* _What is needed_
Leave the pictures in the listing below aside and reproduce exactly the lines starting with the one with "Tara figurine is" and going on through the one with "For the Beatles", both ends included.

* _Data extract_
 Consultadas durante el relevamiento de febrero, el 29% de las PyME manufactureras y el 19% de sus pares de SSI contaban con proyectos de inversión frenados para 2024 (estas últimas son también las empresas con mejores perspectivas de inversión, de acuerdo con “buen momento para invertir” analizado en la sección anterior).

* * *

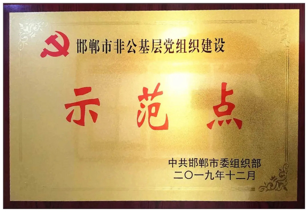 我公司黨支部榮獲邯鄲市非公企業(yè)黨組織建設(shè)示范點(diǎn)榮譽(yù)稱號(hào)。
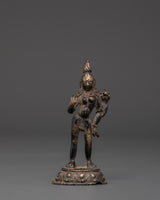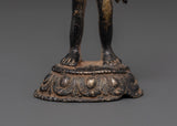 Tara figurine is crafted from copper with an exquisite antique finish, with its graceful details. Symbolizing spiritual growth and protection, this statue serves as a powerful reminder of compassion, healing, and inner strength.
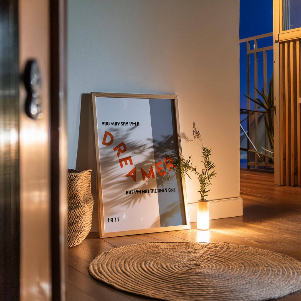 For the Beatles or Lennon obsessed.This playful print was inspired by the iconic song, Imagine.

--

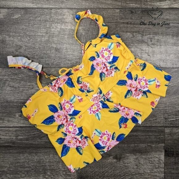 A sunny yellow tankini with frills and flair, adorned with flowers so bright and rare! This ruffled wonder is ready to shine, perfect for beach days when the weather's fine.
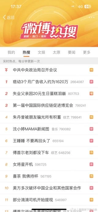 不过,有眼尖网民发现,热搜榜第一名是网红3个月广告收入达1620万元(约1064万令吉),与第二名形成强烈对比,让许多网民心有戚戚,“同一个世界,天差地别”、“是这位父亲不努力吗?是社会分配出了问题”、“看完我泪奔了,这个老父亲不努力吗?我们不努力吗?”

* _Answer to the exercise_
 Tara figurine is crafted from copper with an exquisite antique finish, with its graceful details. Symbolizing spiritual growth and protection, this statue serves as a powerful reminder of compassion, healing, and inner strength.
 For the Beatles or Lennon obsessed.This playful print was inspired by the iconic song, Imagine.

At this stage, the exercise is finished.